Skepticism

Credo ut intelligam is an axiom of St Anselm, Doctor of the Church, (1033-1109 AD). Understanding the Gospel with assent does NOT precede faith, and never will. Whatever progress we make in understanding the Gospel, incrementally, in our lives, incredibly slowly, is preceded by faith. Faith is required.  Pray for it.  Pray for me.

The reason many people find Christianity bizarre is they try and understand it the same way they understand everything else new, ever, in their lives.  They research it, analytically.   Anselm posits, it will NEVER make sense to anyone that way.  Christian faith is a product of supernatural grace and supernatural faith.  Not natural faith, “I believe in the law of gravity.”  Not mortal grace, whatever that is.  But, a gift, a mystery.  Recall the Catholic use of the word “mystery” is inverse to the English use of it.  Catholic mystery is infinitely knowable. “I believe, so that I may understand.” Help my unbelief, Lord.

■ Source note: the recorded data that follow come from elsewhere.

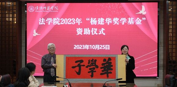 10月25日上午,淮师云顶国际yd222线路检测中心2023年度“杨建华奖学基金”资助仪式在长江路校区图书馆第一会议室举行。“杨建华奖学基金”执行人杨克仁先生、公司党委书记谢海燕出席资助仪式。仪式由公司党委副书记李卓主持。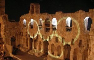 Olympic circles projected in light on the Acropolis at the 2004 Olympic Games in Athens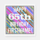 This fun birthday-themed paper napkin design features a message like "HAPPY 65th BIRTHDAY, FIRSTNAME!", where the name can be customized. The background features a vibrant, multicolored stripes pattern. The message text is coloured white, and has a distressed appearance. Napkins like these could perhaps be used at a birthday party for somebody who is celebrating their sixty fifth birthday. [~Z0000270]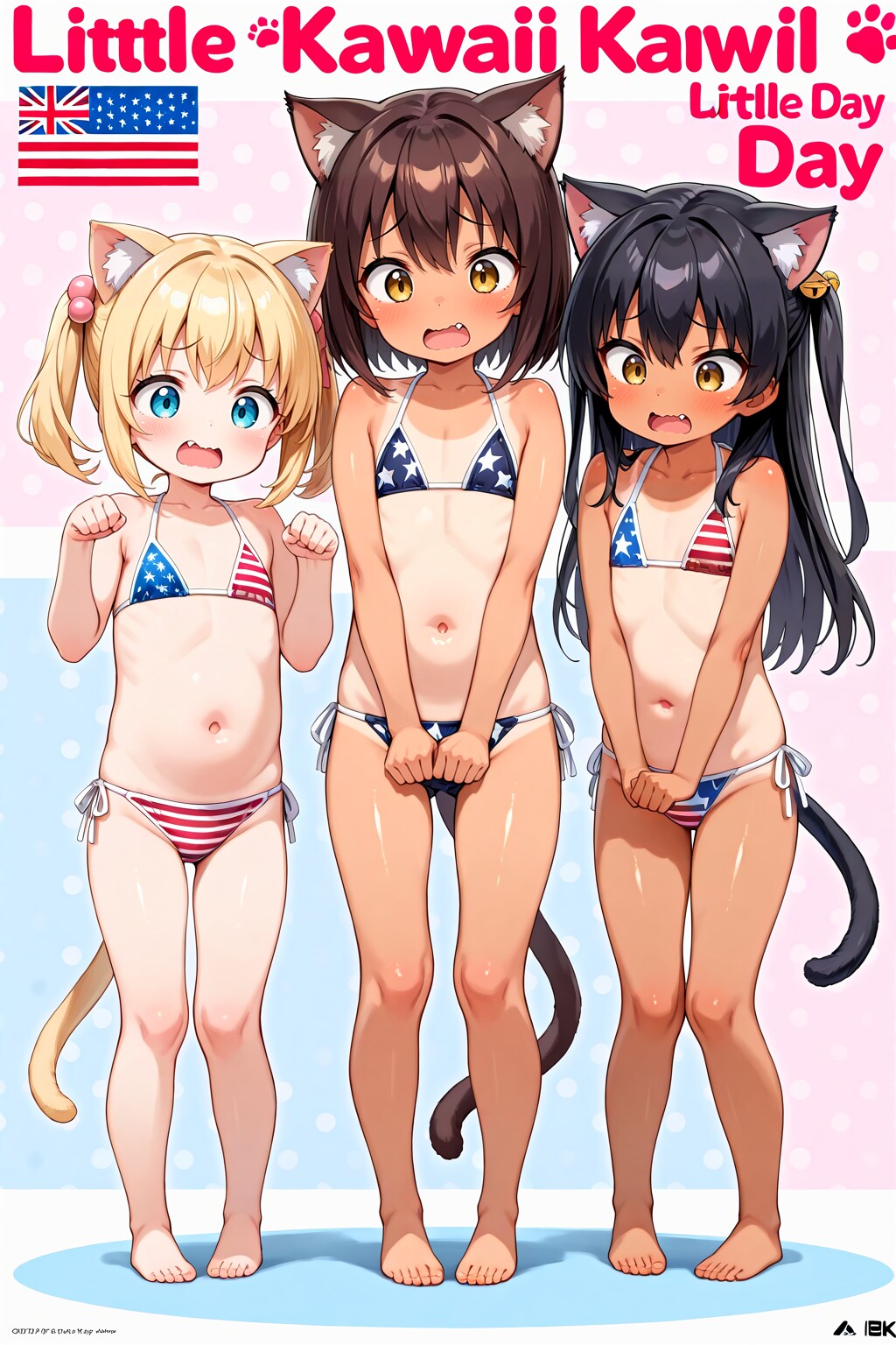 ぺたんこネコミミの星条旗ビキニ

“…skepticism…stems from the fear of making a mistake, and is based on its own form of spiritual paralysis and even despair…Reasonable openness to God, then, is a source of spiritual youth in any person or culture…Refusal of the mystery of God makes us the unique masters of ourselves, but also imprisons us within the ascetical constraints of our own banal finitude…Posing questions about God opens the human being up to new vulnerabilities, and therefore also to new forms of happiness that the artificial limitations of skepticism cannot foresee.

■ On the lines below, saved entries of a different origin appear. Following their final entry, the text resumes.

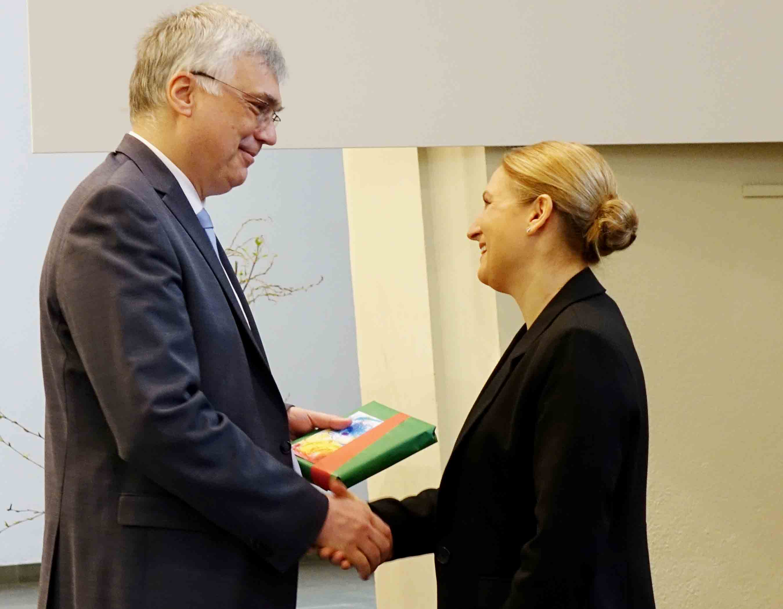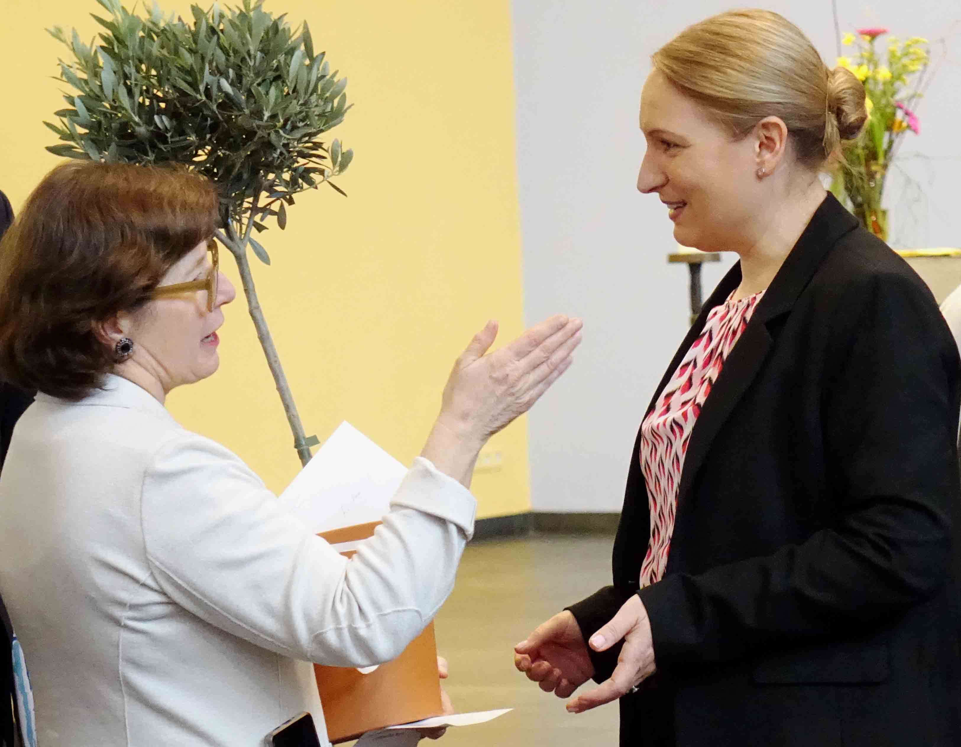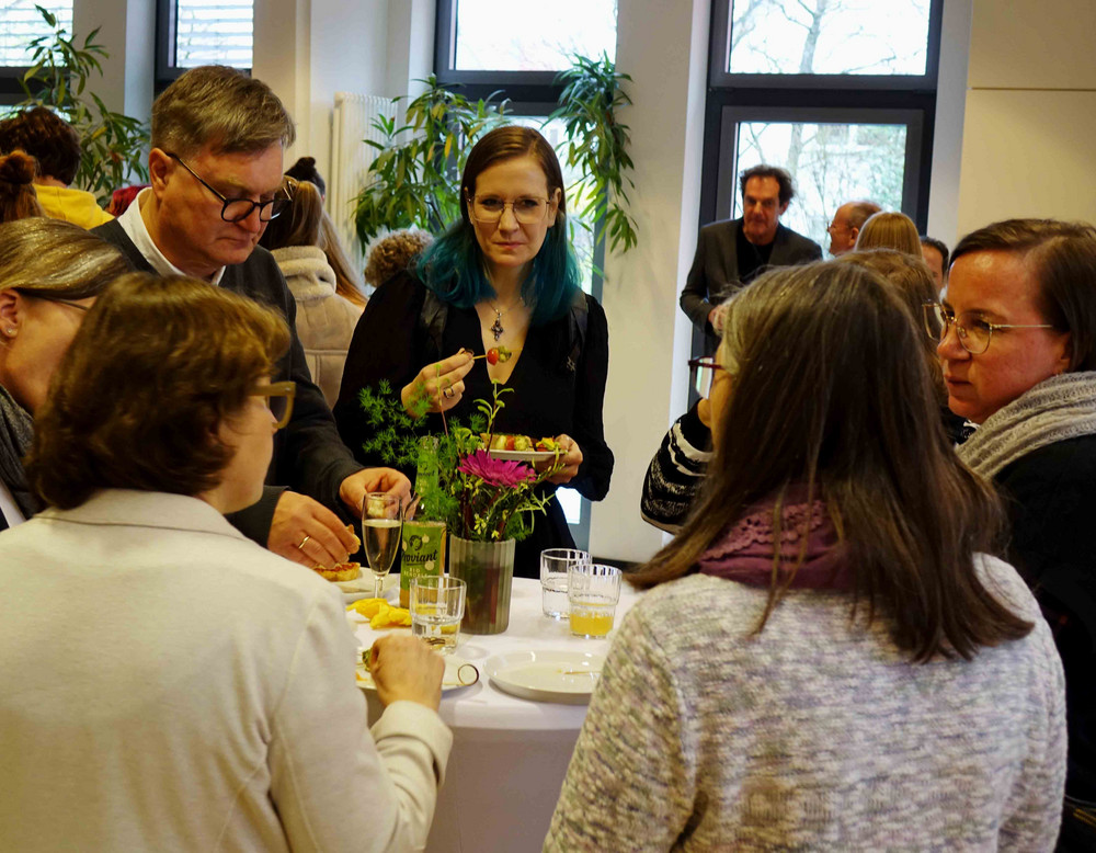Die Schulleiterin unterstrich die vielfältigen Projekte, die Andrea Dohse an der Evangelischen Fachschule angeregt und umgesetzt hat. „Andrea Dohse nimmt unsere künftigen Erzieherinnen und Erzieher kreativ hinein in den doppelten Bezug der gestalterischen, handwerklichen und naturwissenschaftlichen Themen, sodass sie in ihrer späteren Berufspraxis begeistert diese Erfahrungen an Kinder und Jugendliche weitergeben können“, so Schulleiterin Gabriele Beier. Die Kolleginnen und Kollegen an der Kreuzeiche gratulierten der Jubilarin sehr herzlich zur Auszeichnung.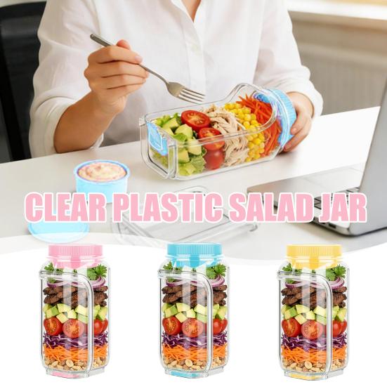 1/2Pcs Salad Storage Jar Food Grade Leakproof Clear Plastic Reusable Salad Jar Food Grade Salad Storage Container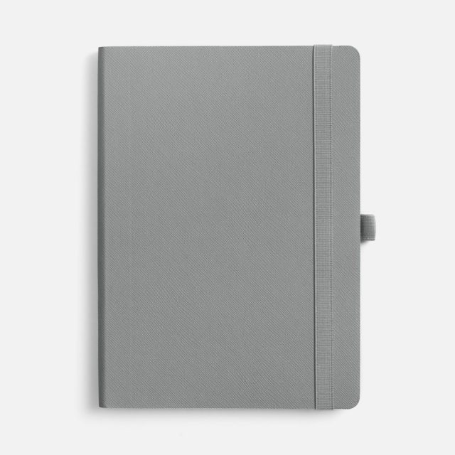 Ежедневник с гибкой обложкой, выполнен из материала Nice Touch, серый СС, дополнен цветными ляссе и петлей-резинкой для ручки.

Augustine noted that deep-seated skepticism is a luxury item that the true intellectual cannot afford. He points out that belief—faith in what others tell us for our instruction—is fundamental for the intellectual life.17…Concretely, human faith in authentic teachers is nearly always the basis for true growth in understanding…Augustine then draws up a key set of distinctions. On one side, there is extreme skepticism, by which a person remains in a conventional posture, and risks nothing but also can gain nothing. On the other side, there is credulousness, a foolish form of faith by which we mistakenly entrust ourselves to a poor teacher, or even to a true teacher, but fail to understand the material for ourselves, remaining infantilized or rudimentary in our insight. Faith that “merely believes what it ought to believe” is “dead.”18

Between the two extremes is the middle way of “faith seeking understanding,” one that is both human and Christian. We should accept instruction but also examine it critically and studiously, seeking to find the truth in what is said, to test it…Likewise there is a discipline of the mind in becoming a Christian, learning the truth as revealed by God, and developing an intellectual understanding of God’s mystery.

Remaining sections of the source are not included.